Garfein directed two other films. One was the 1961 independent film, Something Wild, which starred Baker as a young rape victim held captive by the man who rescued her from suicide. The film includes an Aaron Copland score. It was panned by many U.S. critics, even though he was hailed as an American Ingmar Bergman.[citation needed] His documentary The Journey Back chronicles his return to Auschwitz.

Teaching career

One of a select group of non-performers awarded membership in The Actors Studio,[3] Garfein became director of the Studio's Los Angeles branch in 1966, and created The Harold Clurman Theatre on Theatre Row in New York City. Instructing for more than 40 years, he is one of the most experienced teachers of Method Acting.[citation needed] Garfein offers acting and directing classes in Paris at Le Studio Jack Garfein, London, Budapest, New York, and Los Angeles. He has written a book on the subject, Life and Acting - Techniques for the Actor, published in paperback in 2010.

Legacy

In September 2010, a tribute to Jack Garfein was presented in Los Angeles at the UCLA Film and Television Archive at the Billy Wilder Theater which featured screenings of the two feature films he directed, 1957's "The Strange One" and 1961's "Something Wild," which stars his ex-wife Carroll Baker, as well as the documentary "A Journey Back," in which he returned to his childhood home and revisited Auschwitz. A similar event is scheduled for March 20 & 21, 2011 at the Film Forum in New York City.
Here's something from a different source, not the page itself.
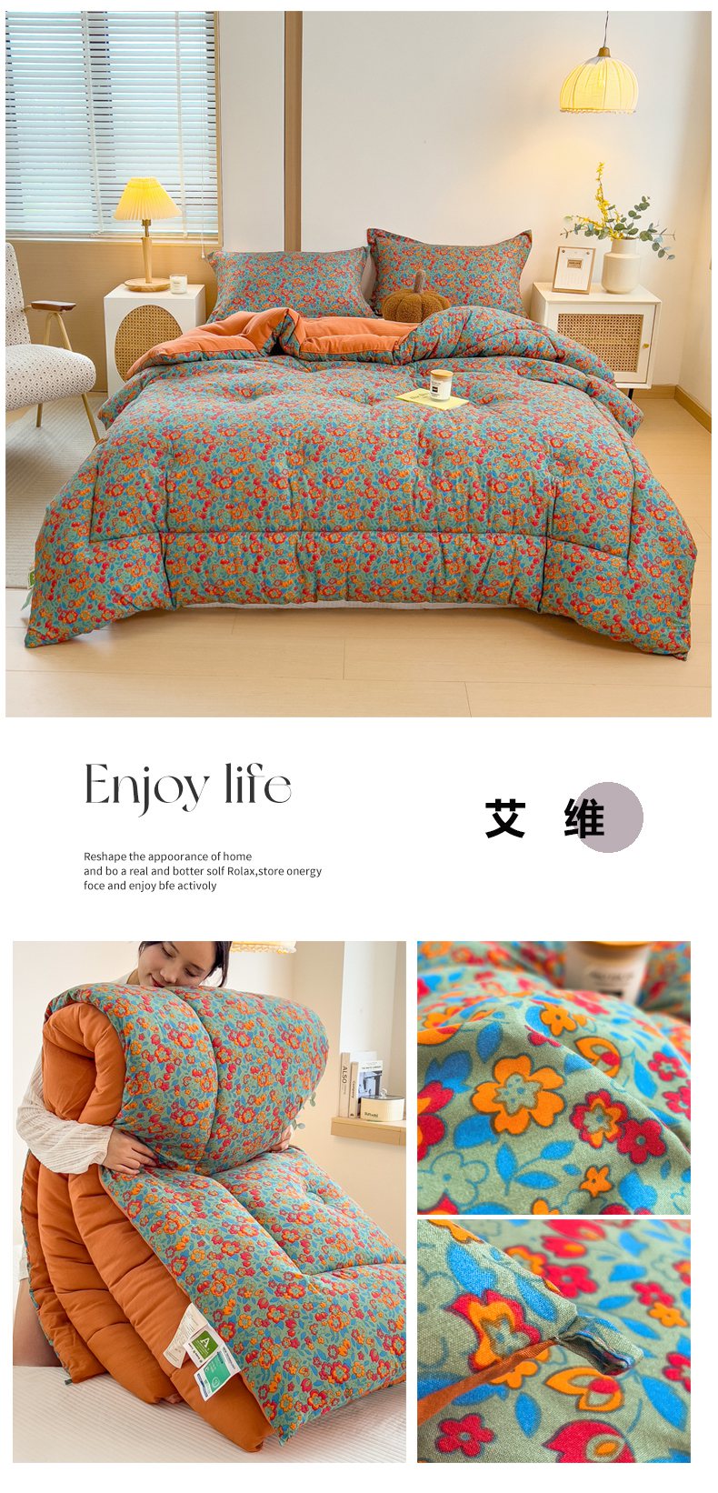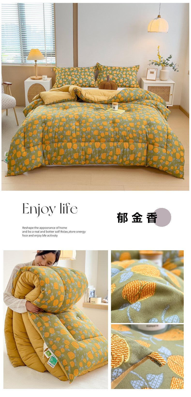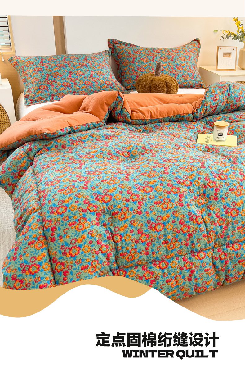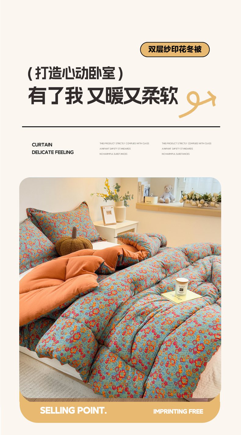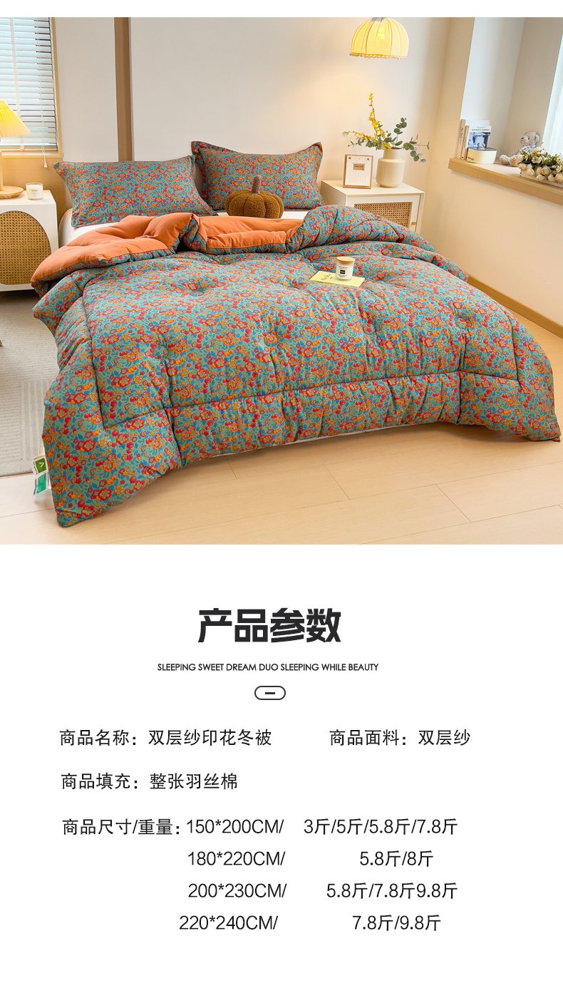 • 91家纺网 家纺一手货源 找家纺 梵克保罗 2025秋冬新品10A抗菌双层纱冬被被子被芯 花韵

In July 2012, Jack Garfein was awarded Masque d'Or, voted best acting teacher in France.

Notes[edit]

  1. ^ "Jack Garfein tribute at Billy Wilder Theater" Los Angeles Times, Sept. 17, 2010
  2. ^ Retrieved 14-10-10 Lortel Archives Jack Garfein
  3. ^ Garfield, David (1980). "Strasberg Takes Over: 1951-1955". A Player's Place: The Story of The Actors Studio. New York: MacMillan Publishing Co., Inc. p. 93. ISBN 0-02-542650-8. "Various directors and playwrights, including Frank Corsaro, Martin Fried, Jack Garfein, Michal V. Gazzo, Charles Gordone, Israel Horovitz, Arthur Penn, Eleanor Perry, Frank Perry, Sidney Pollack, Mark Rydell, Alan Schneider, and John Stix, have also been granted membership on the basis of their contributions to the life and work of The Actors Studio, as have certain other non-performers, such as Liska March and Carl Schaeffer."